▶ [PROBLEM STATEMENT] The answer should be a single number: how many lines in the material contain "Print".
....
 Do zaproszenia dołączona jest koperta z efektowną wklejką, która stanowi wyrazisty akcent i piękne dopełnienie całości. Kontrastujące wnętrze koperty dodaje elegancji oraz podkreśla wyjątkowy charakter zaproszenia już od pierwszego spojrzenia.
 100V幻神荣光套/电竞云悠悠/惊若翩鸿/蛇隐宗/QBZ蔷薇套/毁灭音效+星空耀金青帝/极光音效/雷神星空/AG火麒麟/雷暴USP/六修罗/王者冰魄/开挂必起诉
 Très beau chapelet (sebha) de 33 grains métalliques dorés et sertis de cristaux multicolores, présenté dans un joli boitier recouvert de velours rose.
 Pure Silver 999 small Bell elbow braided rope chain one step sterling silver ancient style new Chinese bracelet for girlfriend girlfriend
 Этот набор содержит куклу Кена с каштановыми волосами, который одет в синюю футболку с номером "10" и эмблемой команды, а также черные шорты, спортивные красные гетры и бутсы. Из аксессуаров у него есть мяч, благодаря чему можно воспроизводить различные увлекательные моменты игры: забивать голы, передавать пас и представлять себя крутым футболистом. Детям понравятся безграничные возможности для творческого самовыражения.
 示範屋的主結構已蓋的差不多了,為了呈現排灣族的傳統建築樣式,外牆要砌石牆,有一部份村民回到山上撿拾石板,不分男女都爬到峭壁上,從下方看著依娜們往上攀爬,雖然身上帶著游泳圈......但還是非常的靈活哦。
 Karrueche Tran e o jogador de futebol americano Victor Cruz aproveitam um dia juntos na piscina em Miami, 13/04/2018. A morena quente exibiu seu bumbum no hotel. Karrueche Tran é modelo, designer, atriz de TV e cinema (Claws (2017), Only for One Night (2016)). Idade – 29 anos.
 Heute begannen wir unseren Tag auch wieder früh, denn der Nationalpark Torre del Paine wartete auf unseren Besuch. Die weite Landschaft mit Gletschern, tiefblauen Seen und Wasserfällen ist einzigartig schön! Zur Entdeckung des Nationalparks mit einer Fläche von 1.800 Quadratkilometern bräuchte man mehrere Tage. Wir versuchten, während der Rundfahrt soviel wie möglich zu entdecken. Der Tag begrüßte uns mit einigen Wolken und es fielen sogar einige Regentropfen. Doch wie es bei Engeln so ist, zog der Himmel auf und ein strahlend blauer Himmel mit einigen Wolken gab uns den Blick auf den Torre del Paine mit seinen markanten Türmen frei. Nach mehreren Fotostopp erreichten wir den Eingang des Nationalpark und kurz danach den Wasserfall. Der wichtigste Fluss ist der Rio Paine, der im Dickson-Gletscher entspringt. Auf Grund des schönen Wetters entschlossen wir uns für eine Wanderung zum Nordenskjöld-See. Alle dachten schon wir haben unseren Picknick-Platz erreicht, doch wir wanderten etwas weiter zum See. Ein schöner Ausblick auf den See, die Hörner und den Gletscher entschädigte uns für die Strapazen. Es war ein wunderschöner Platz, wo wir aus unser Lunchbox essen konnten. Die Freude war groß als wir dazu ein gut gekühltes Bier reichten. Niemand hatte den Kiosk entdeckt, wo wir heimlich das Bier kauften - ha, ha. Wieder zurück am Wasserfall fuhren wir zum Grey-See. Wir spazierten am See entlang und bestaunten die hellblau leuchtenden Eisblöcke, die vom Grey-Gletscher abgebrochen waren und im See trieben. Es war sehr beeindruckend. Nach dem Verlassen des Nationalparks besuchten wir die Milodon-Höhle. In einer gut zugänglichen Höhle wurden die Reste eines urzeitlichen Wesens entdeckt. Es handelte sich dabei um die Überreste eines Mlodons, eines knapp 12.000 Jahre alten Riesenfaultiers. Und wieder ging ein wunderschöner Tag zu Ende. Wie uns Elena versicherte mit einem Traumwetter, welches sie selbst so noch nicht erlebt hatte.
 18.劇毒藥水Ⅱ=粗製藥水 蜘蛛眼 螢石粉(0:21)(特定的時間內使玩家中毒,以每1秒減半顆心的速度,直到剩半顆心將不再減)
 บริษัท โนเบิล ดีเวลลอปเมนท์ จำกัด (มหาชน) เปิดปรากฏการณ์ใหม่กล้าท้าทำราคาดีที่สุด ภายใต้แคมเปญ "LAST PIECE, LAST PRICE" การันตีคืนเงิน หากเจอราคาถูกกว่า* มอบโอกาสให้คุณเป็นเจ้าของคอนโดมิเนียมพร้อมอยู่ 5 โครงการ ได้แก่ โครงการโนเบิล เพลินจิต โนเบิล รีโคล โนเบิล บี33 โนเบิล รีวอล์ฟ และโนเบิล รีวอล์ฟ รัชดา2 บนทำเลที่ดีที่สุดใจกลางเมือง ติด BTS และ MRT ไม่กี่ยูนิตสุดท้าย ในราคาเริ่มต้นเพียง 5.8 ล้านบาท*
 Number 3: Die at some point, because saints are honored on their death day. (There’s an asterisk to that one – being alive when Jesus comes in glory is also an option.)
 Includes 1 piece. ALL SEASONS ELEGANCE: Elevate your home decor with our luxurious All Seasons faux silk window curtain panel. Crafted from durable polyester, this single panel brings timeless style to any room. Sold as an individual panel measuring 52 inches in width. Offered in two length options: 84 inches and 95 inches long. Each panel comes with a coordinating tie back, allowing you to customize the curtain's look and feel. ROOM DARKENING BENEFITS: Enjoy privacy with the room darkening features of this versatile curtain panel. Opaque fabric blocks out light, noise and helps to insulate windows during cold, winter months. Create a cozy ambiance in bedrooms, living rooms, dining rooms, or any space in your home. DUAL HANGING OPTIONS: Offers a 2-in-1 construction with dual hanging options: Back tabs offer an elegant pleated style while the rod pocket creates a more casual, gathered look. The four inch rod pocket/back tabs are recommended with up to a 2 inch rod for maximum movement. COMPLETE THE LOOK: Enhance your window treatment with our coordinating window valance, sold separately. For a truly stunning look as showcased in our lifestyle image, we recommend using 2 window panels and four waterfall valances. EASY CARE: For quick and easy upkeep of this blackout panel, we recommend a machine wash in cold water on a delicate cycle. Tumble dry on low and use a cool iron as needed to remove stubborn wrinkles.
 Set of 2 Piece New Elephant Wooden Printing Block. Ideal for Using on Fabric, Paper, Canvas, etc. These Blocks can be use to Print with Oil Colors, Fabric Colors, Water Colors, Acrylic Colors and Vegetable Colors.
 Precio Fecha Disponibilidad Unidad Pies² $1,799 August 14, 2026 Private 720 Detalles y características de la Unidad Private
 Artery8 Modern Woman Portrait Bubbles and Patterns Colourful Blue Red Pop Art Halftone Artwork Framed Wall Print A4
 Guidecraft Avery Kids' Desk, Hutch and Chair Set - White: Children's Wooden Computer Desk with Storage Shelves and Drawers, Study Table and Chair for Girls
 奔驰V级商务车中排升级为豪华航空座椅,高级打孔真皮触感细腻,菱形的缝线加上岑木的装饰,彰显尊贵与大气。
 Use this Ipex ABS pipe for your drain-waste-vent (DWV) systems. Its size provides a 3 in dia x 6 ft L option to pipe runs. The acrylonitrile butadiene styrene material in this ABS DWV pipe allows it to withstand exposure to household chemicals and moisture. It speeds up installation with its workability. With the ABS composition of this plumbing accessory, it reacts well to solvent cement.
....
▶ [OUTPUT FOR THIS TASK] 2